## What is expected
All lines from the one bearing "नाशिक रोड : नाशिक" through the end of the data below must be printed exactly as they stand, with pictures removed.

Dataset excerpts
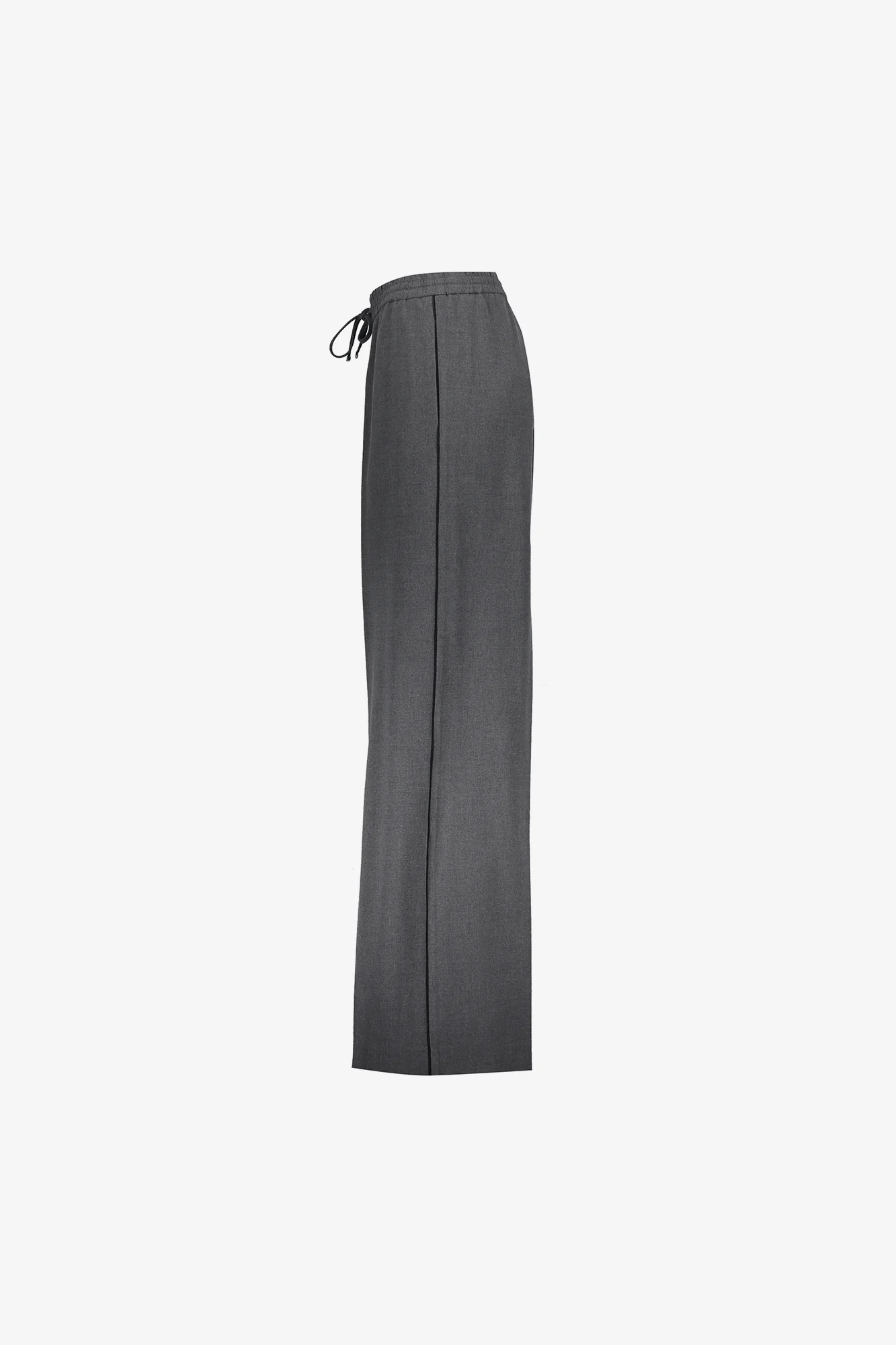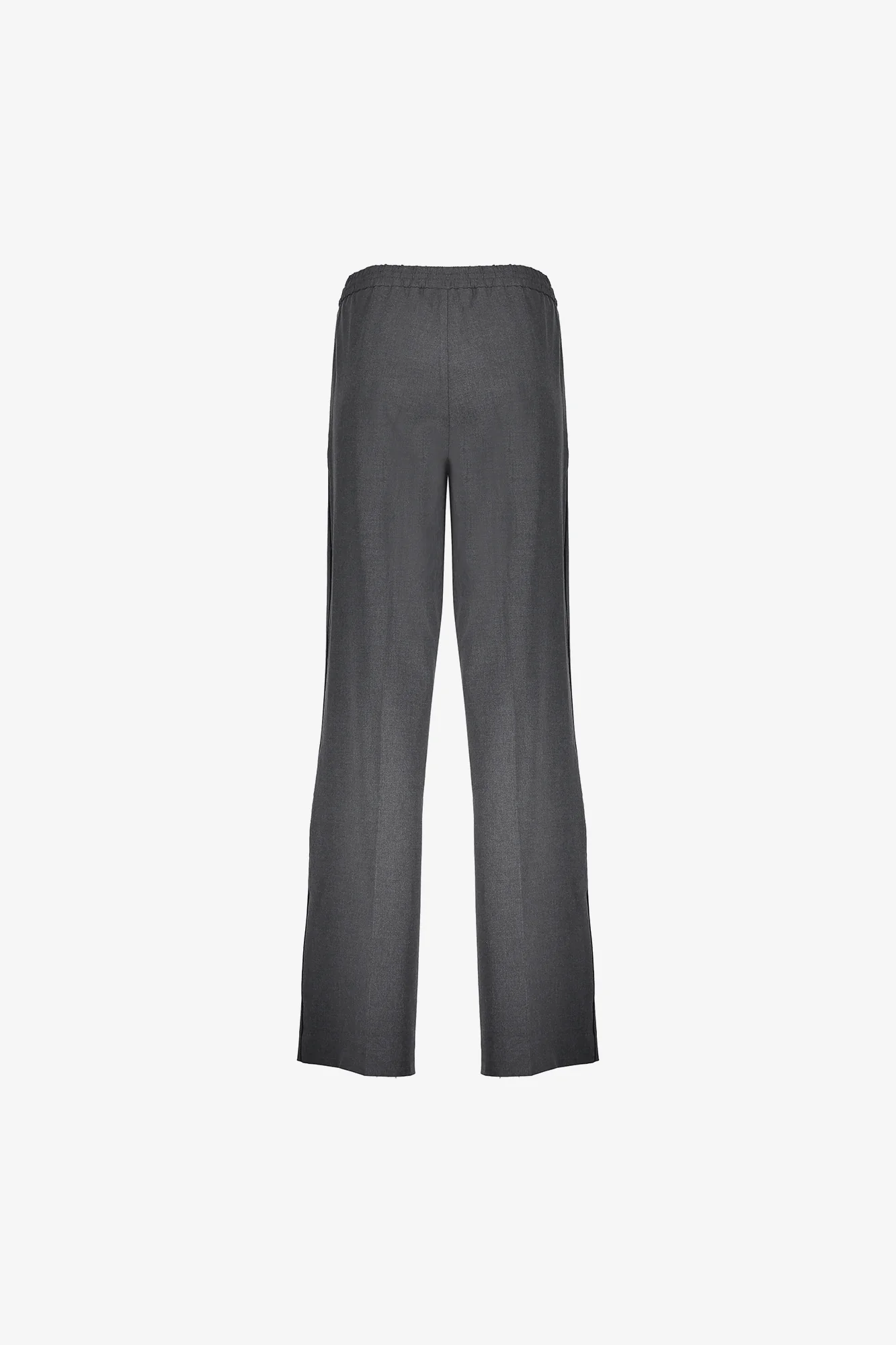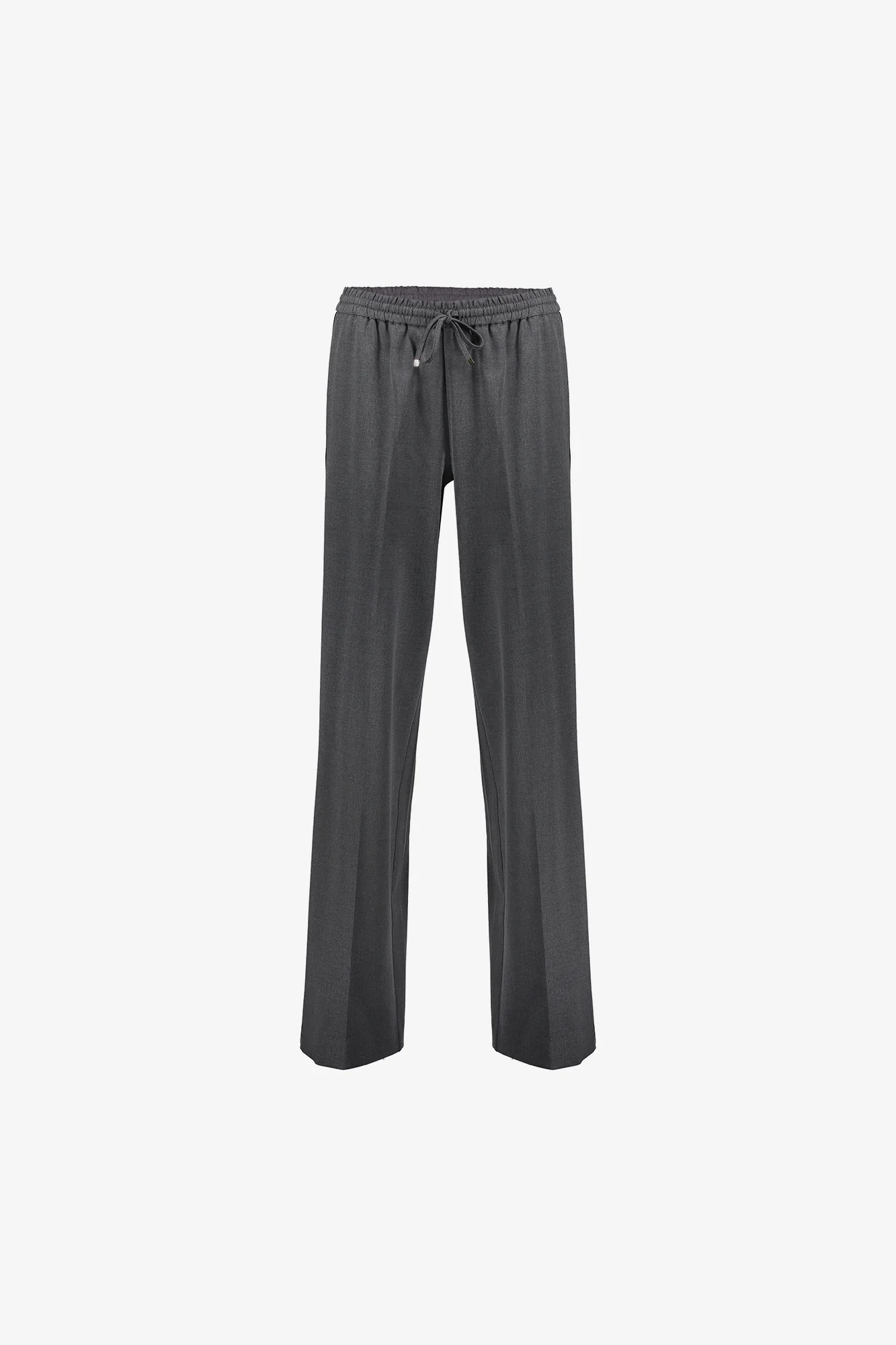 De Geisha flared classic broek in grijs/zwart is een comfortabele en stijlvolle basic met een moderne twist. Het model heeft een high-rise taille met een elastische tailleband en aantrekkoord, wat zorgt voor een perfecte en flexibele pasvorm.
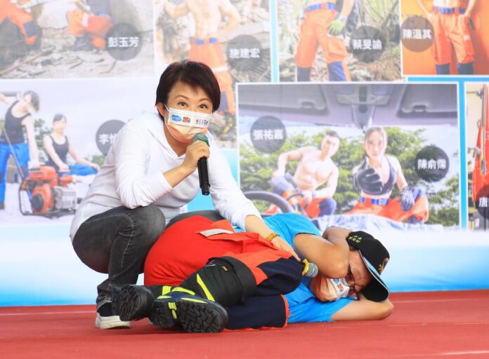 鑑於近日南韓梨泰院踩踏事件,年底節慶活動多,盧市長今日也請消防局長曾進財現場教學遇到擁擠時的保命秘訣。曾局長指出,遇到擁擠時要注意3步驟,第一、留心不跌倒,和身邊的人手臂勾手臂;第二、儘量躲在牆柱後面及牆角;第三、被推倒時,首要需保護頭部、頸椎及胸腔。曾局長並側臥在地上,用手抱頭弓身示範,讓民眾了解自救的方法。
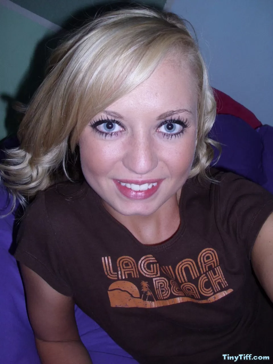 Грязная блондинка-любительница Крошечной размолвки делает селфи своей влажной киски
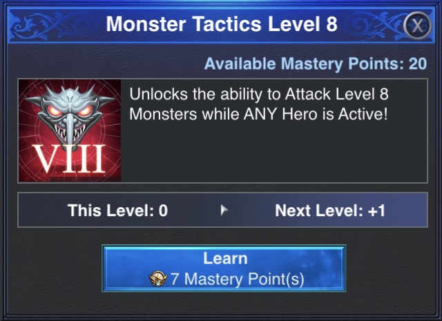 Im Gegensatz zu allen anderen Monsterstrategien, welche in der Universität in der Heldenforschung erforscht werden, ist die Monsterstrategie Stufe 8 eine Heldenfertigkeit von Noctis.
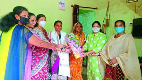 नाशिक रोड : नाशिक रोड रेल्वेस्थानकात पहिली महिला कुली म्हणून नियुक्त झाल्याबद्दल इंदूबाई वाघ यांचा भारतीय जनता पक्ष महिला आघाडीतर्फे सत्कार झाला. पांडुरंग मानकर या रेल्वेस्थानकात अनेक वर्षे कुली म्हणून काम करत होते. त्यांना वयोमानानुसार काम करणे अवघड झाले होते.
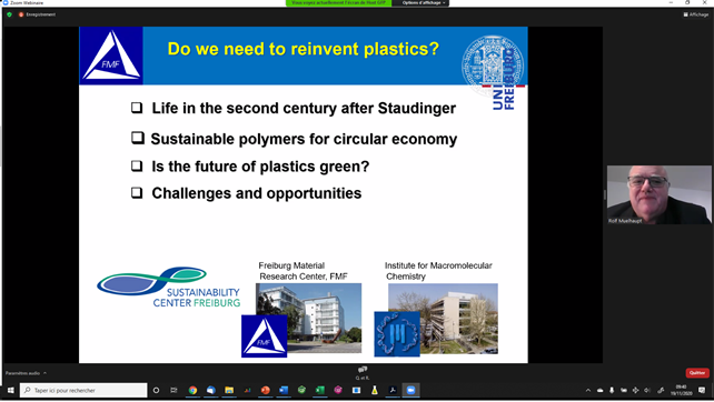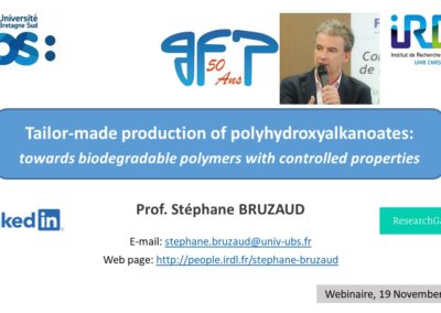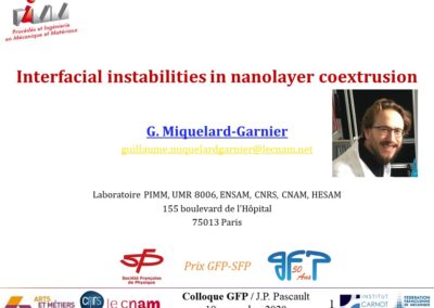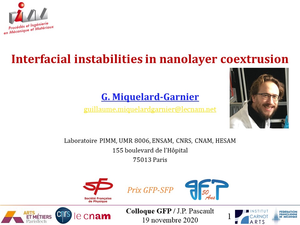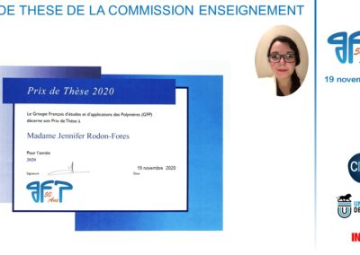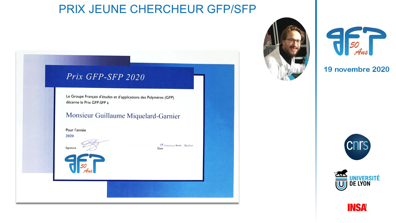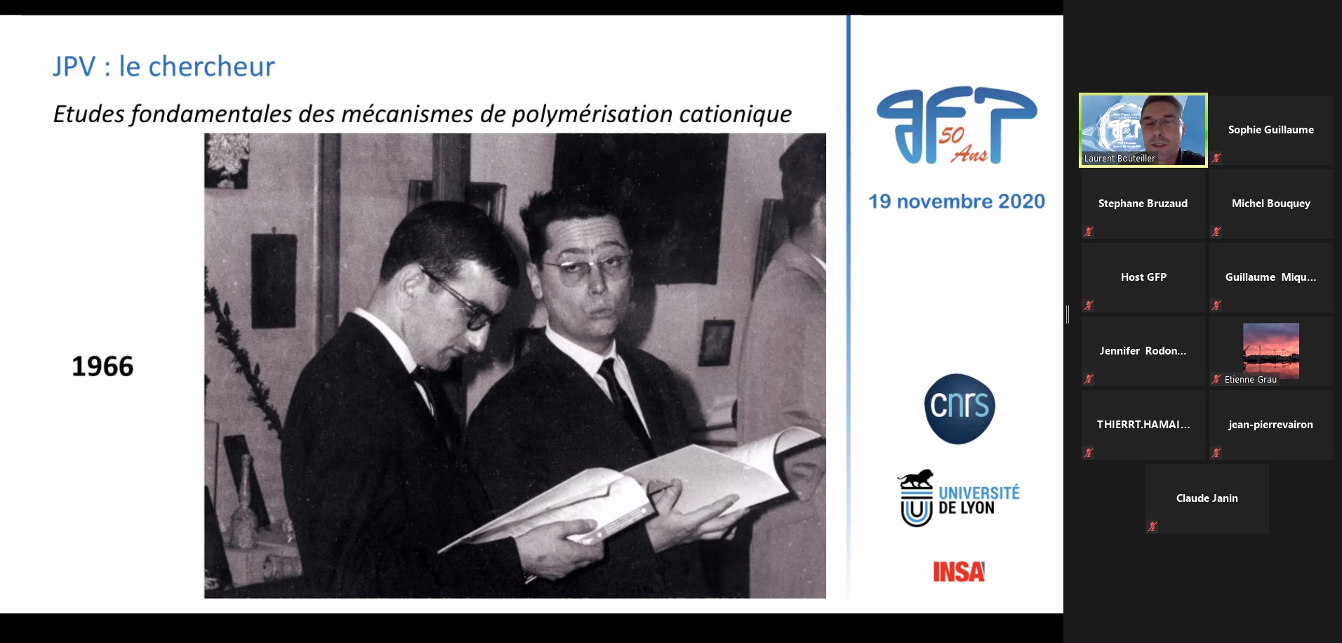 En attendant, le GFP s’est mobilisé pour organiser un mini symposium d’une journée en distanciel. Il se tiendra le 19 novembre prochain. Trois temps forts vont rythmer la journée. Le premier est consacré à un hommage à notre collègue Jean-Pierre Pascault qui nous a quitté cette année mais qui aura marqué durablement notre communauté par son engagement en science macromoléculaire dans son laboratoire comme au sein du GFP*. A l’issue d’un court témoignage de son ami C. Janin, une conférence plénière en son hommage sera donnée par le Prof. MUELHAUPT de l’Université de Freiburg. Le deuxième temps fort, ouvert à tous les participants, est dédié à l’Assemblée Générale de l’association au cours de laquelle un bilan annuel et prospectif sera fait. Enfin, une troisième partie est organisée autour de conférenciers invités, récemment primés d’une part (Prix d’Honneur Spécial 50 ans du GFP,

## Reply to the task
 नाशिक रोड : नाशिक रोड रेल्वेस्थानकात पहिली महिला कुली म्हणून नियुक्त झाल्याबद्दल इंदूबाई वाघ यांचा भारतीय जनता पक्ष महिला आघाडीतर्फे सत्कार झाला. पांडुरंग मानकर या रेल्वेस्थानकात अनेक वर्षे कुली म्हणून काम करत होते. त्यांना वयोमानानुसार काम करणे अवघड झाले होते.
 En attendant, le GFP s’est mobilisé pour organiser un mini symposium d’une journée en distanciel. Il se tiendra le 19 novembre prochain. Trois temps forts vont rythmer la journée. Le premier est consacré à un hommage à notre collègue Jean-Pierre Pascault qui nous a quitté cette année mais qui aura marqué durablement notre communauté par son engagement en science macromoléculaire dans son laboratoire comme au sein du GFP*. A l’issue d’un court témoignage de son ami C. Janin, une conférence plénière en son hommage sera donnée par le Prof. MUELHAUPT de l’Université de Freiburg. Le deuxième temps fort, ouvert à tous les participants, est dédié à l’Assemblée Générale de l’association au cours de laquelle un bilan annuel et prospectif sera fait. Enfin, une troisième partie est organisée autour de conférenciers invités, récemment primés d’une part (Prix d’Honneur Spécial 50 ans du GFP,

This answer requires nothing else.